Evaluation on Tool Use Benchmark

  1. OSWorld-MCP: Please follow the official code repository to run the evalutation
  2. MobileWorld: Please follow the official code repository to run the evalutation

Evaluation on GUI Knowledge Benchmark

  1. Download the images and annotations for the Knowledge Bench from the official repository. Follow the official instructions to draw the GUI actions, and save the annotated images to DS_PATH/AnnotateImage.
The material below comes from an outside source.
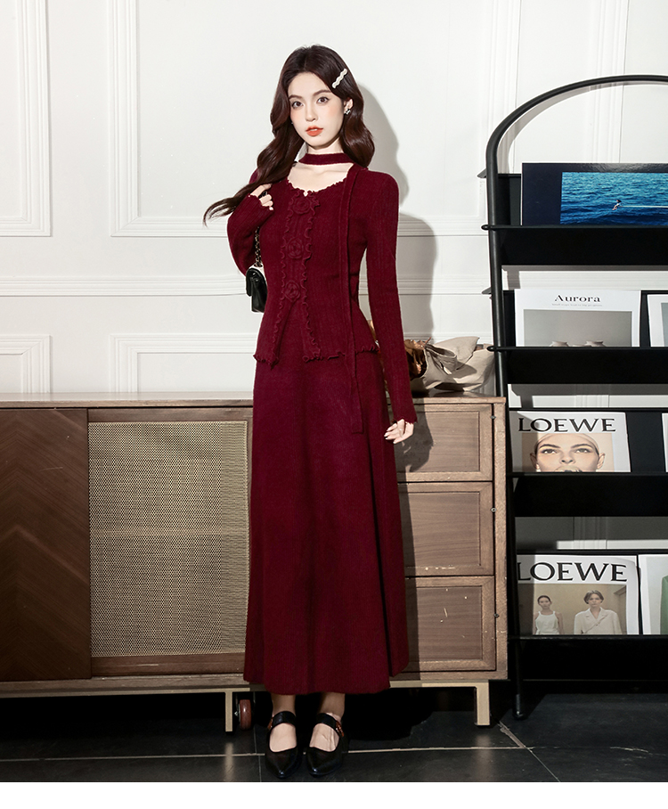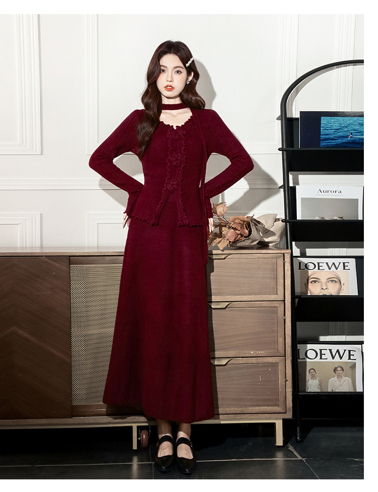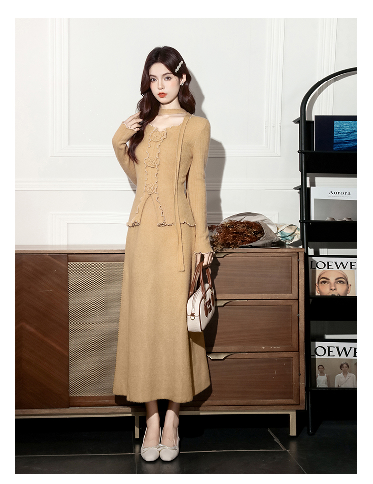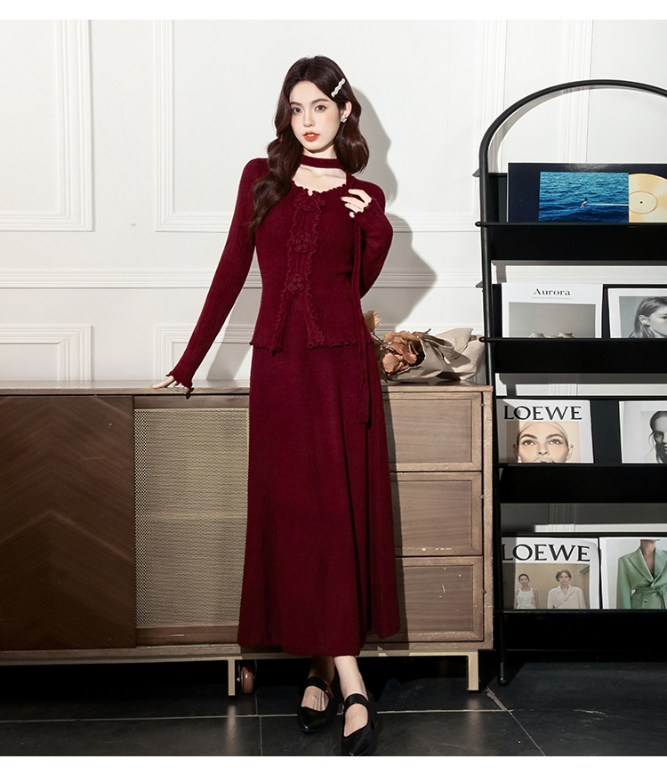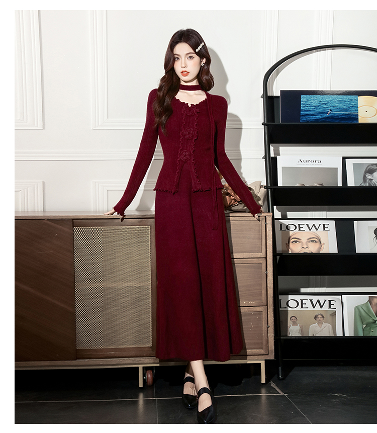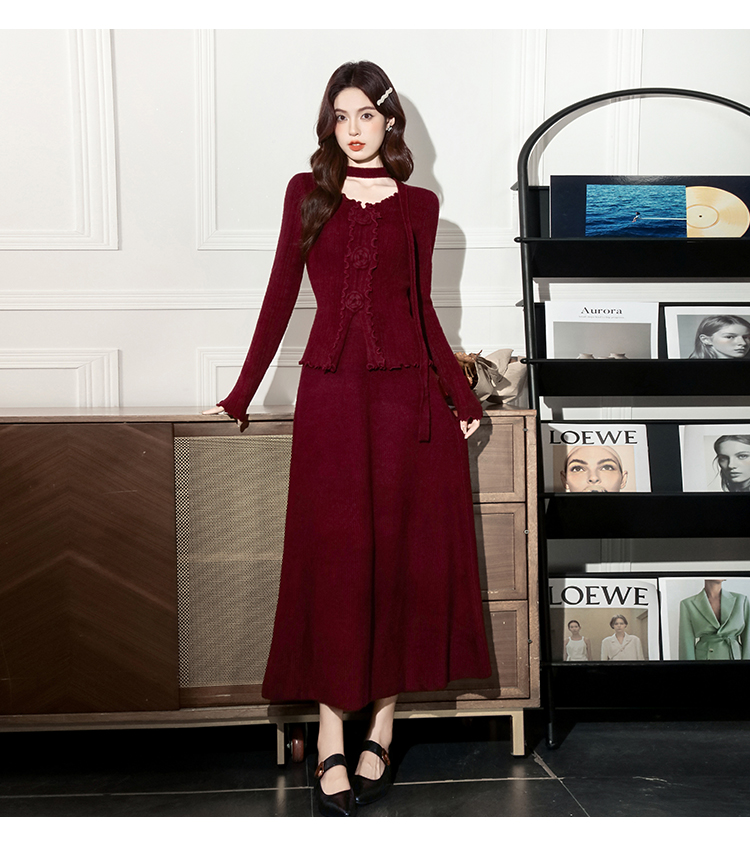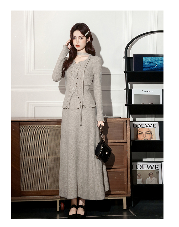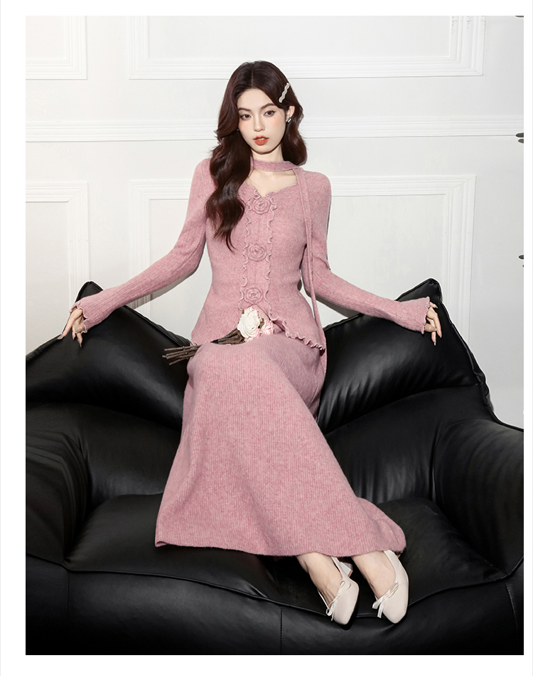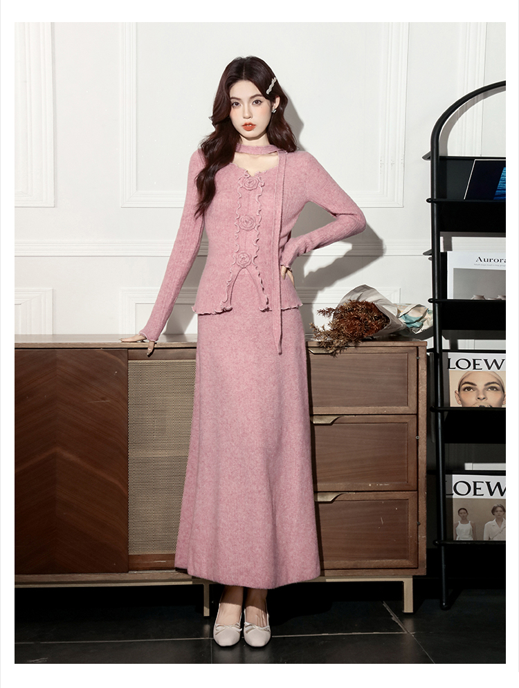 MY15063# 新款温柔优雅气质小女人长款显瘦针织两件套装裙女裝貨源服裝批發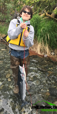 Silver salmon have silver sides and dark-blue backs and put up a great fight with lots of jumping. Alaskans look forward to “Silver Season” in August. Silver’s usually weigh 8 to 12 pounds and are 24 to 30 inches long, but individuals weighing 36 pounds have been landed. The best part about fishing for silvers at the confluence is that the place is usually empty and crawling with fat fish.

  2. Install the dependencies required by the qwen model.

pip install qwen_agent
pip install qwen_vl_utils
  1. Fill in your information in the run_gui_kb.sh, including MODEL_PATH, DS_PATH, SAVE_PATH and EVAL_TYPE.

  2. Run the evaluation.

cd Mobile-Agent-v3.5/grounding_and_kb
sh run_gui_kb.sh

Evaluation on Web Benchmark

Install Dependencies

python -m venv .venv
source .venv/bin/activate
pip install -r requirements.txt
playwright install chromium

Configure Environment Variables

# Model API keys (required)
export API_KEY="sk-xxx"          # Agent model API
export OMNI_API_KEY=""
export EVAL_API_KEY="sk-xxx"               # Evaluation model API

Benchmark task

  • WebArena/VisualWebArena: Start the corresponding environment services in advance (configure ports per the official docs).
  • Port mapping: Ports are preset in the code (see visualwebarena_url_map / webarena_url_map). To change them, modify BASE_URL and the port numbers.
  • Task data: Ensure data/merged_test_raw.json exists (includes task definitions, login requirements, initial screenshots, etc.).
# WebVoyager
cd Mobile-Agent-v3.5/web_benchmark
python main_for_eval.py \
  --task "Find out which four teams the NFC North contains in the NFL on ESPN." \
  --web https://www.espn.com/ \
  --output_dir results/WebVoyager \
  --image_type file \
  --task_id "validation_WebVoyager__ESPN--41" \
  --use_css_som \
  --headless

Performance

End-to-End Online Benchmarks

Model OSWorld-Verified AndroidWorld OSWorld-MCP Mobile-World WindowsAA WebArena VisualWebArena WebVoyager Online-Mind2Web
GUI-Owl-1.5-2B-Instruct 43.5 67.9 33.0 31.3 25.8 - - - -
GUI-Owl-1.5-4B-Instruct 48.2 69.8 31.7 32.3 29.4 - - - -
GUI-Owl-1.5-8B-Instruct 52.3 69.0 41.8 41.8 31.7 45.7 39.4 69.9 41.7
GUI-Owl-1.5-8B-Thinking 52.9 71.6 38.8 33.3 35.1 46.7 40.8 78.1 48.6
GUI-Owl-1.5-32B-Instruct 56.5 69.4 47.6 46.8 44.8 - - - -
GUI-Owl-1.5-32B-Thinking 56.0 68.2 43.8 42.8 44.1 48.4 46.6 82.1 -

Grounding Benchmarks

Please refer to the technical report for detailed results on ScreenSpot-v2, ScreenSpot-Pro, OSWorld-G, MMBench-GUI, and more.

Quick Start

from transformers import Qwen3VLForConditionalGeneration, AutoProcessor

model_name = "mPLUG/GUI-Owl-1.5-8B-Instruct"
model = Qwen3VLForConditionalGeneration.from_pretrained(
    model_name, torch_dtype="auto", device_map="auto"
)
processor = AutoProcessor.from_pretrained(model_name)

messages = [
    {
        "role": "user",
        "content": [
            {"type": "image", "image": "screenshot.png"},
            {"type": "text", "text": "Click on the search bar."},
        ],
    }
]

inputs = processor.apply_chat_template(
    messages,
    tokenize=True,
    add_generation_prompt=True,
    return_dict=True,
    return_tensors="pt"
)
inputs = inputs.to(model.device)
# Inference: Generation of the output
generated_ids = model.generate(**inputs, max_new_tokens=128)
generated_ids_trimmed = [
    out_ids[len(in_ids) :] for in_ids, out_ids in zip(inputs.input_ids, generated_ids)
]
output_text = processor.batch_decode(
    generated_ids_trimmed, skip_special_tokens=True, clean_up_tokenization_spaces=False
)
print(output_text)

Citation

If you find GUI-Owl 1.5 useful in your research, please cite:

@article{xu2026mobile,
  title={Mobile-Agent-v3. 5: Multi-platform Fundamental GUI Agents},
  author={Xu, Haiyang and Zhang, Xi and Liu, Haowei and Wang, Junyang and Zhu, Zhaozai and Zhou, Shengjie and Hu, Xuhao and Gao, Feiyu and Cao, Junjie and Wang, Zihua and others},
  journal={arXiv preprint arXiv:2602.16855},
  year={2026}
}

Acknowledgments

GUI-Owl 1.5 is built upon Qwen3-VL. We thank the Qwen team for their excellent open-source foundation models.